Но Джон нашел быстрое решение, обернув мои ступни кусками материи наподобие солдатских портянок и натянув мои носки сверху. Причем, когда он делал это, заметно покраснел.

Надо же, оказывается, суровый лесной охотник умеет смущаться! Ну, я его понимаю, лапки у меня красивые. Небольшие для моего роста и аккуратные. Видимо, молодому парню впервой было обувать девушку… в хорошем смысле этого слова. Так-то вон бабку какую-то «обули» на платье, которое, кстати, теперь на мне сидело довольно сносно.

Но насчет бабки я ошиблась.

Когда Джон закончил возиться с моей одеждой, он, осторожно спрятав иголку за пазуху, словно великую драгоценность, сказал:

– Думаю, Беатрис, мать нашей Агнес, была бы довольна, что ты унаследовала ее платье. Когда старуха умирала здесь, в лесу, то сказала, чтобы ее вещи достались только очень хорошей женщине. А кроме платья и ботов у нее ничего больше и не было.

– А с чего ты взял, что я хорошая? – удивилась я.

– Глаза у тебя красивые, – еще больше засмущался Джон, отведя взгляд. – И рост тоже красивый. Почти как мой.

Я хотела его поправить, что, мол, не говорят так о росте, – но промолчала. Когда тебе преподносят комплименты, лучше заткнуться и радоваться. А то мало ли: сейчас этот дылда краснеет от смущения, а потом ему что-то не понравится, достанет свой нож, и привет. Лес все спишет.

Потому я лишь сказала:

– Спасибо.

И улыбнулась.

Чуть-чуть, в знак благодарности, без авансов и стрельбы глазами. Джон, конечно, парень видный, но я еще не поняла, есть ли в этом Средневековье богатые принцы. Совместную жизнь-то с местным олигархом строить всяко лучше, чем с верзилой, у которого кроме роста, лука, и местами драного плаща больше ничего за душой нет…

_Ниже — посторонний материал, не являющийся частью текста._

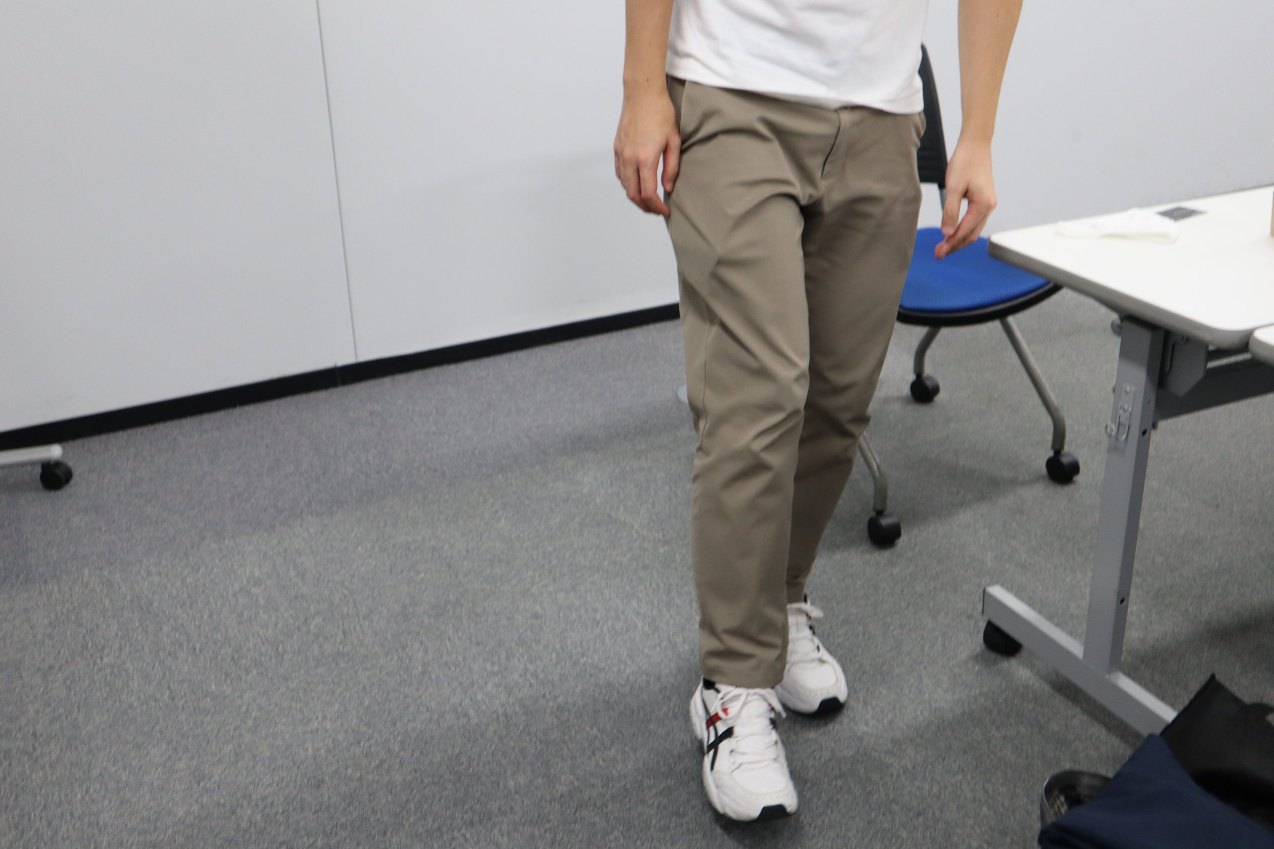 歩くとして、まず右足を前に出しますね。そして踵から地面に着き、左足を前に振り出したときに右足のアキレス腱がグーッと伸びる。そして右足が床を離れるときには、つま先を押し出して地面を蹴ります。このとき右足が勢いよく前に送り出されますが、右足の下腿が前に行きすぎないように途中でブレーキをかける必要があります。このとき、膝の周りの筋肉はブレーキをかけるように働きます。

– Извини, придется завязать тебе глаза, – сказал разбойник, что и сделал довольно ловко, я и опомниться не успела. Понятно зачем, чтоб я в лесной лагерь не привела кого-нибудь нежелательного, но все равно неприятно.

– Кляп будет? – проворчала я.

– Незачем, – просто отозвался Джон. – Ты же не будешь кричать, правда?

Кричать я не собиралась. Совершенно ни к чему этим заниматься после того, как я лично убедилась, насколько сноровисто местные бандиты обращаются с ножом и луком.

– Нет, конечно, – отозвалась я как можно более искренне.

– Ну и отлично, – сказал Джон. – Держись за мой пояс и постарайся не наступать мне на пятки.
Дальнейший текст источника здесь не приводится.